**TASK STATEMENT:**
Exactly the lines from the line containing "تعلن مدارس السابلة" through the final line of the entries below must be returned, and only those, without pictures.

**DATASET RECORDS:**
• • • •
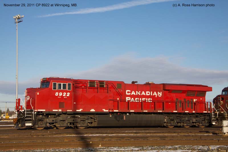 Other Photos (chronological) : 1. CP 8922 at Winnipeg, MB., painted in the Canadian Pacific paint scheme. Photo by A. Ross Harrison, 2011; 2. CP 8922 at Winnipeg, MB., painted in the Canadian Pacific paint scheme. Photo by A. Ross Harrison, 2011.
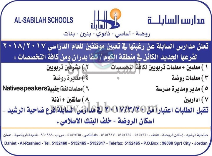 تعلن مدارس السابلة الأردنية عن وظائف جديدة للمعلمين والمعلمات في جميع المواد وفقا لنص الإعلان التالي:-
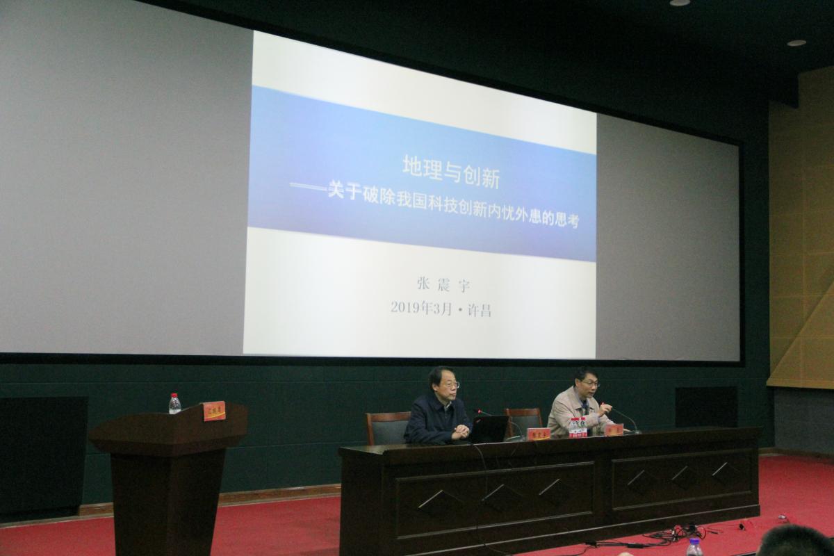 3月29日下午,全国政协常委、民进中央常委、河南省委主委、河南省政协副主席张震宇教授应邀到我校作了主题为《地理与创新——关于破除我国科技创新内忧外患的思考》的专题报告。我校信息工程学院、城乡规划与园林学院师生200余人听取报告。副院长郑直主持报告会。
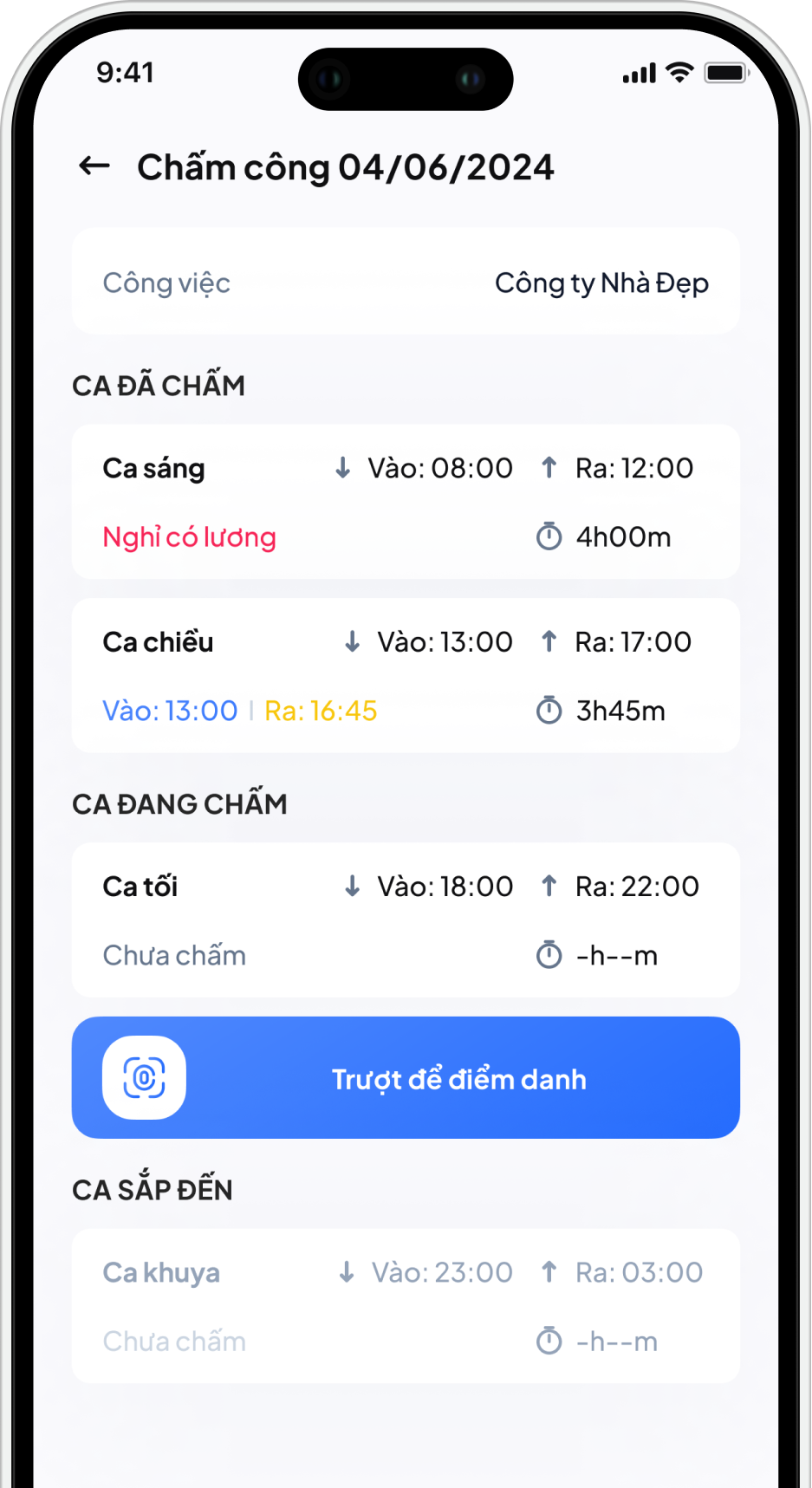 Chấm công chỉ với 3 giây. Không còn quy trình phức tạp hoặc chờ đợi "xin thử lại" - tất cả sẵn sàng với chỉ một chạm.
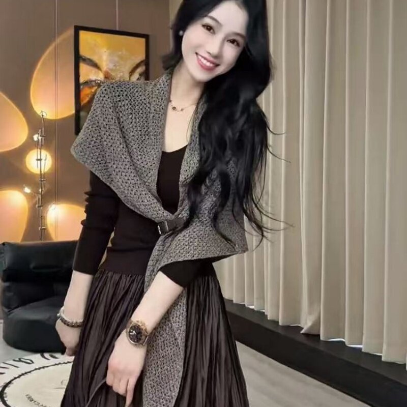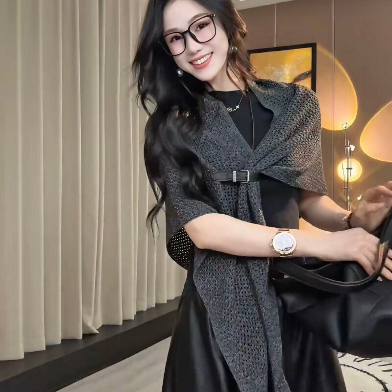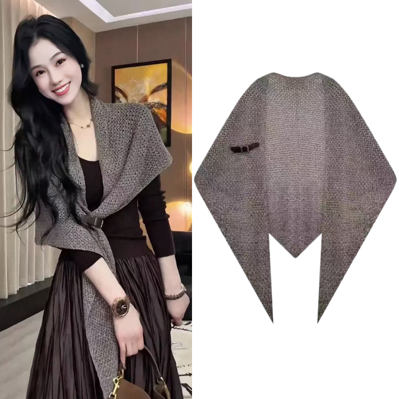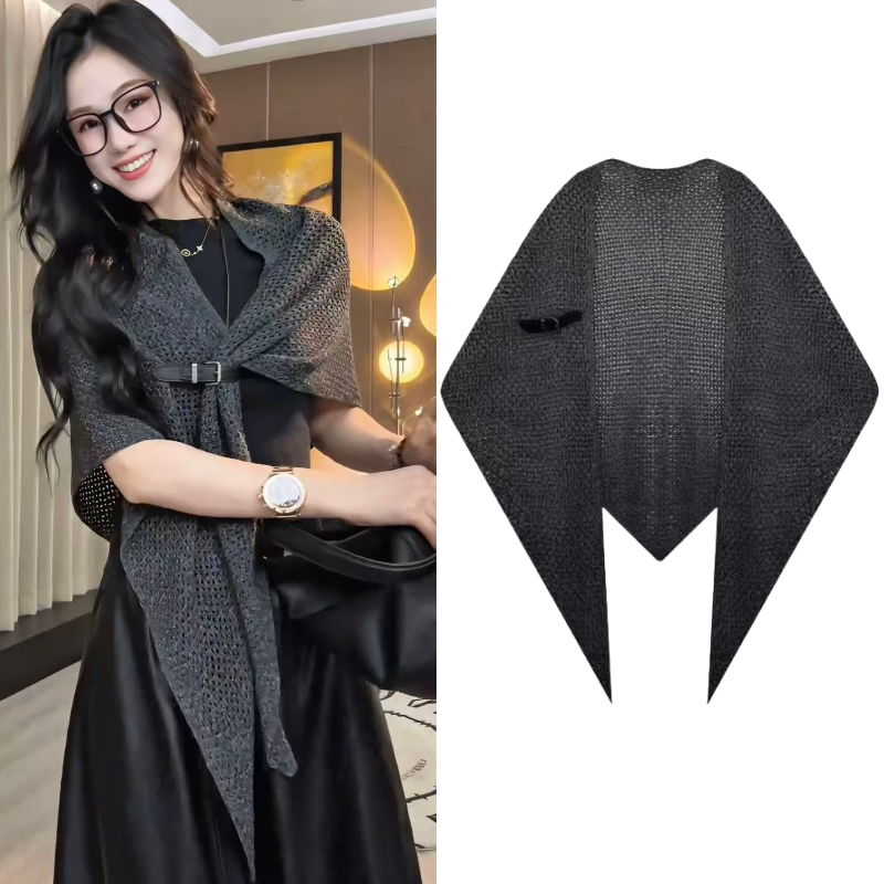 秋冬新款 气质镂空围巾 三角披肩羊毛混纺流行保暖高级感独特时尚
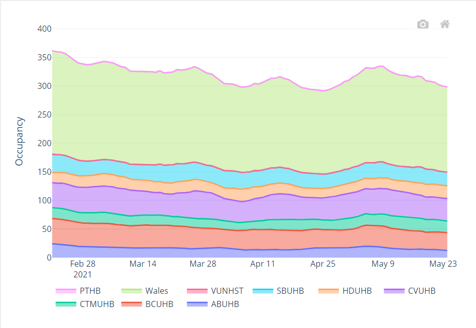 COVID-19 pressure on the NHS has generally stabilised and is now similar to the lowest levels since reporting began. As at 26 May 2021, there were 179 COVID-19 related patients (Suspected, Confirmed and Recovering) occupying a hospital bed. This compares to 171 (8 more occupied beds) on 19 May 2021. Confirmed patients accounted for 8 of the total occupied beds, and are at similar levels to early September 2020.
• • • •
**EXPECTED ANSWER:**
 تعلن مدارس السابلة الأردنية عن وظائف جديدة للمعلمين والمعلمات في جميع المواد وفقا لنص الإعلان التالي:-
 3月29日下午,全国政协常委、民进中央常委、河南省委主委、河南省政协副主席张震宇教授应邀到我校作了主题为《地理与创新——关于破除我国科技创新内忧外患的思考》的专题报告。我校信息工程学院、城乡规划与园林学院师生200余人听取报告。副院长郑直主持报告会。
 Chấm công chỉ với 3 giây. Không còn quy trình phức tạp hoặc chờ đợi "xin thử lại" - tất cả sẵn sàng với chỉ một chạm.
 秋冬新款 气质镂空围巾 三角披肩羊毛混纺流行保暖高级感独特时尚
 COVID-19 pressure on the NHS has generally stabilised and is now similar to the lowest levels since reporting began. As at 26 May 2021, there were 179 COVID-19 related patients (Suspected, Confirmed and Recovering) occupying a hospital bed. This compares to 171 (8 more occupied beds) on 19 May 2021. Confirmed patients accounted for 8 of the total occupied beds, and are at similar levels to early September 2020.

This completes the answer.